Un paio d'ore di volo e siamo a Casablanca!!!
La trafila per passare la dogana marocchina è piuttosto lunga, ma almeno non dovremo
aspettare davanti al nastro del ritiro bagagli vero... vero....
Certo, infatti le valige da Milano sono già state scaricate tutte, peccato che ne manchino
parecchie, fra cui quella del sottoscritto.
Altra coda interminabile per fare la denuncia e per sentirsi dire da un addetto fiducioso
di chiamare in serata che probabilmente le valige arriveranno con il volo de pomeriggio
di RAM (Royal Air Maroc). Ricomposto il gruppo partiamo fiduciosi alla volta di Casablanca.

Il minareto
della moschea di Hassan II
Con un taxi arriviamo all'albergo e, dopo qualche discussione sulla prenotazione che
sembra non esistere, compaiono anche le stanze. Chi ha una valigia si cambia....
Ci resta buona parte del pomeriggio nel quale possiamo visitare la moschea di Hassan II,
una delle poche del Marocco visitabile dai non musulmani, peccato che quando arriviamo
l'orario di visita sia finito... e farci un giro nella medina.
Cominciamo a prendere contatto con questo Paese, anche se siamo nel centro della capitale
l'impressione è di povertà e di abbandono, anche se non mancano i bambini che si divertono
organizzando vere e proprie partite di calcio in mezzo alla strada e stando a scherzare con i
turisti che li fotografano.
Altra cosa che mi colpisce sono i tavolini dei bar all'aperto, alcuni sono anche locali
carini, quelli in cui in Italia si potrebbe invitare una ragazza per un aperitivo,
peccato che qui siano frequentati solo ed esclusivamente da uomini.
Per quanto riguarda il giretto nella medina, sarebbe stato meglio non farlo, visto che
oltre alla scomparsa delle valige qualcuno vede scomparire anche l'obiettivo della macchina
fotografica.
Incontriamo anche Mustafá, un ragazzo di Casablanca che lavora a Brescia ed è
tornato a casa per le ferie, ci fa da guida attraverso la medina e ci accompagna alla cena
in un piccolo chiosco dove cucinano pesce alla griglia gestito da un suo zio.

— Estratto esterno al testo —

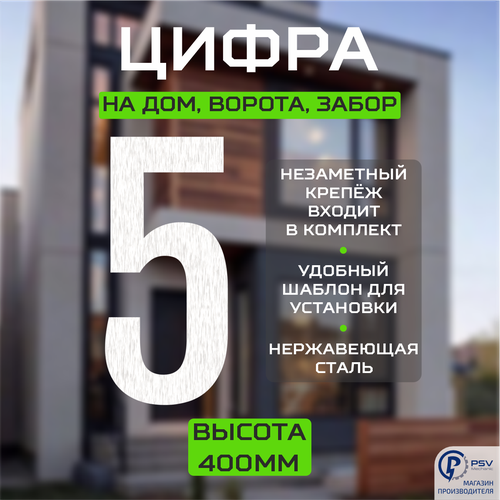 Цифра (номер) из металла на дом/ворота/забор, 5F, H400 мм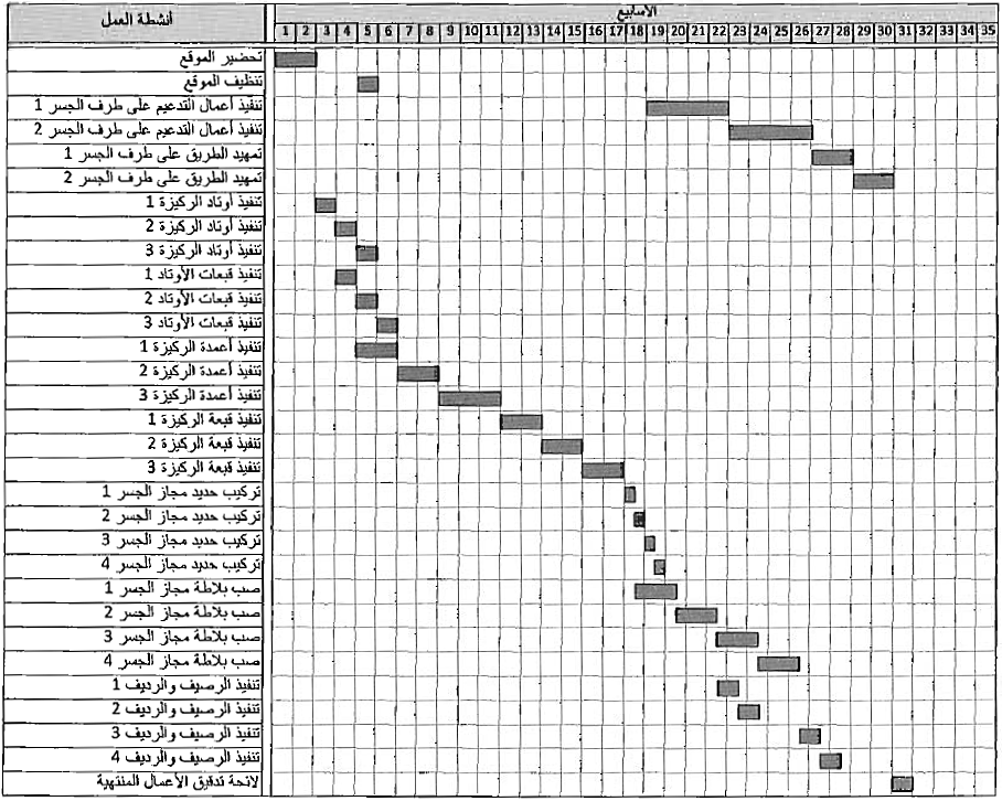 لقد بقيت نهاية المشروع على حالها ، لكن أنشطة تنفيذ التدعيم قـد انتقلت أو تأخرت بسبب تأخر نشاط تنظيف الموقع . كما هو متوقع ، لا يوجد تأخير على المسار الحرج. وكما تظهر الجدولة الزمنية التخطيطية المعدلة في الشكل (2) الظروف الفعلية للأسابيع الخمسة الأولى من المشروع والأسابيع التخطيطية المعدلة للأعمال المتبقية.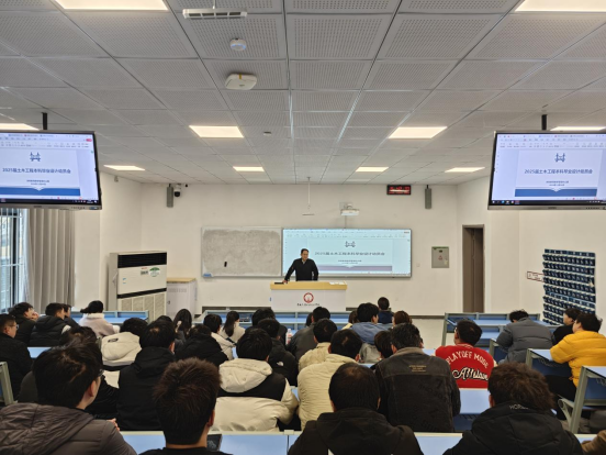 為了更好地組織和指導2025屆土木工程專業聯合培養本科學生完成畢業設計,確保每位學生都能在規定的時間內高質量地完成任務,土木系于2024年12月6日在尚能樓召開了畢業設計動員大會。畢業設計指導教師橋梁組組長肖玉德、道路組組長齊永生、本科教育教學管理辦公室主任孫鵬軒及2025屆土木工程專業全體畢業生參加了本次動員大會。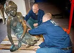 On January 6, 1998, the statue was decapitated again;[9][10] the culprits were never found, but the head was returned anonymously to a nearby television station, and reattached on February 4. On the night of September 10, 2003, the statue was knocked off its base with explosives and later found in the harbour's waters. Holes had been blasted in the mermaid's wrist and knee.[11]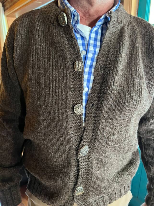 Sweater tejido a mano. Lana marrón natural, 100% de oveja. Talle único (entre M y L). Botones de asta de ciervo.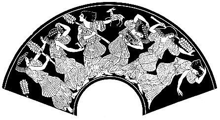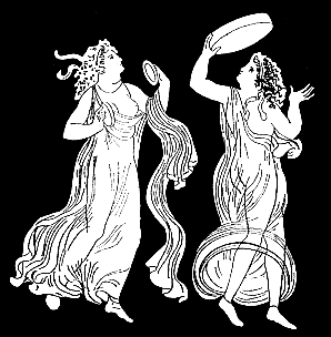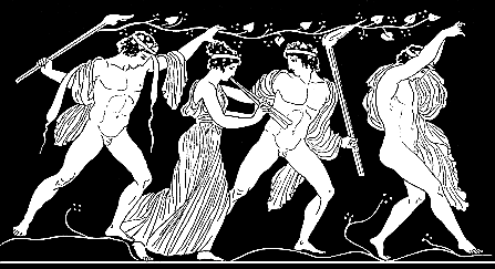 Toutes, sous la bassaris et les couronnes de pampre, couraient et criaient et sautaient, les crotales claquaient dans les mains, et les thyrses crevaient la peau des tympanôns retentissants.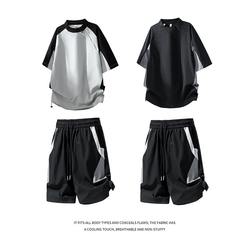 男士 t恤短裤 夏季 短袖 男生一套帅气搭配 薄款 回力冰丝速干运动套装

Per il dopocena, sempre Mustafá ci accompagna in un locale di stile spagnolo, una specie
di disco pub (suo fratello lavora li come buttafuori) ci beviamo una birra
(cosa che in seguito non sarà così facile) e ascoltiamo un po' di musica.
Ah.... ovviamente il tentativo di avere notizie delle valige è
andato a vuoto, riprovare domani...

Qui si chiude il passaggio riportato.